A handy tip for anyone whose work patterns are like mine (which probably means nobody except me). If you find that after your pre-work ritual of coffee, toast and a bad TV show from the eighties, you sit down to work and find yourself suddenly very tired, then there's one of two things wrong. The first option is simply that your screen is too bright. My brightness resets to eye-searing when rebooted. If that's not the problem, then the other likely problem is actual tiredness; the solution to that is to reset your body clock.
How does one do that? By staying up through an entire extra day, then getting a nice long catch-up sleep at the end of it. For example, if you usually go to bed at midnight, instead stay up until about 8pm the following day. The extra twenty hours of awakeness is conveniently matched to a mere extra four hours of sleep, and leaves you feeling fully rested. This seems like an excellent deal - why not stay awake for thirty-four hours and sleep for fourteen all the time, you might think. The answer to that is that you unfortunately can't do anything requiring competence with the last half of the awake-time. It's a good thing to do during a holiday, perhaps, as you get better value for your time and everything's funnier when you've been awake for more than twenty hours, but you shouldn't be driving or operating heavy equipment such as knives and forks.
But Mr Internet, you might be thinking, staying awake for thirty-four hours when you're tired after eight is quite difficult. But Misters and Misses Reader Of The Internet, I reply, we have the solution to that difficulty. Simply play an engaging time-devouring game such as Nethack or my similar new friend Gearhead.. Playing a game for 30 hours nonstop will also make you feel much more like programming.

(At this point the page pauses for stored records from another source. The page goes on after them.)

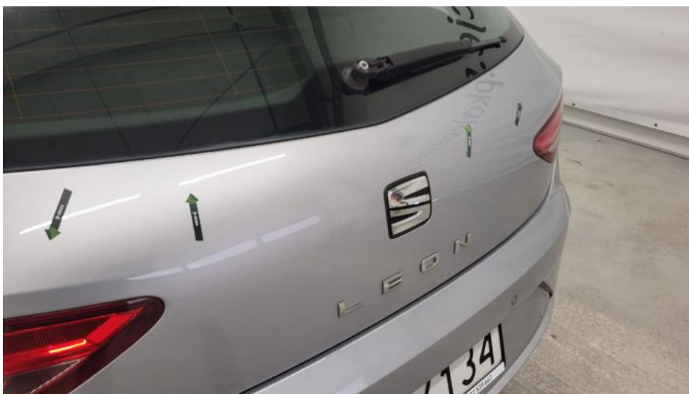
Photo 59. Pokrywy bagażnika - Wgniecenie/odkształcenie 1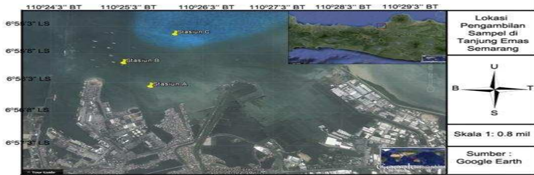
Gambar 2. Lokasi Pengambilan Sampel di Sekitar Tanjung Emas Semarang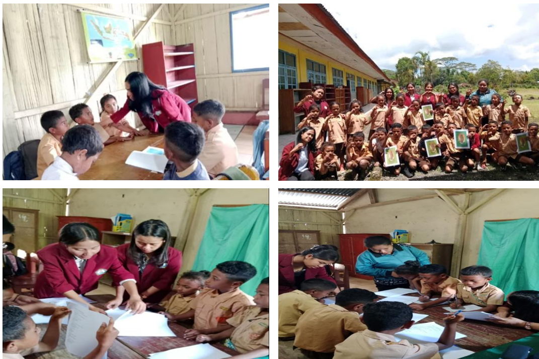
Gambar 2. Serba Serbi Kegiatan Pengabdian Masyarakat di SDI Wogo.

Kegiatan pengabdian ini telah dilaksanakan di SDI Wogo dengan membuahkan hasil buku cerita rakyat, yaitu: (1) Watu Kaba , (2) Air panas Deratei , (3) Riku dan Rede , (4) Ebu Gogo , (5) Tepa Lelu , (6) Bue Dheke , (7) Watu mengeo . Dari cerita rakyat yang telah dihasilkan diimplementasikan pada siswa kelas III SDI Wogo.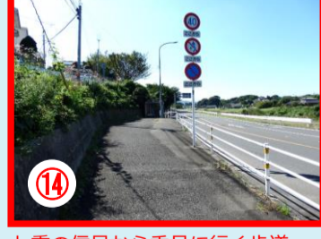
⑱ 七重の信号から香月に行く歩道 街灯が少なく夜間注意のいる場所

Also helpful is to not use War of the Worlds season two as your bad TV show from the eighties, because it's a bit rubbish, doesn't have an engaging theme-tune, and lacks a sense of closure on most episodes. Even A-Team episodes that end with "to be continued" feel more closed. Good shows for the purpose of inspiring creativity while coffee does its chemical goodness include Monkey, The A-Team, War of the Worlds season one, Blake's 7, The Prisoner, and Monk (which I realise isn't actually eighties, but it feels like it).
Does anyone have suggestions of other similar shows that I should add to the queue? I'm always in danger of running out, which would break my ritual and thus make it difficult for me to get things done.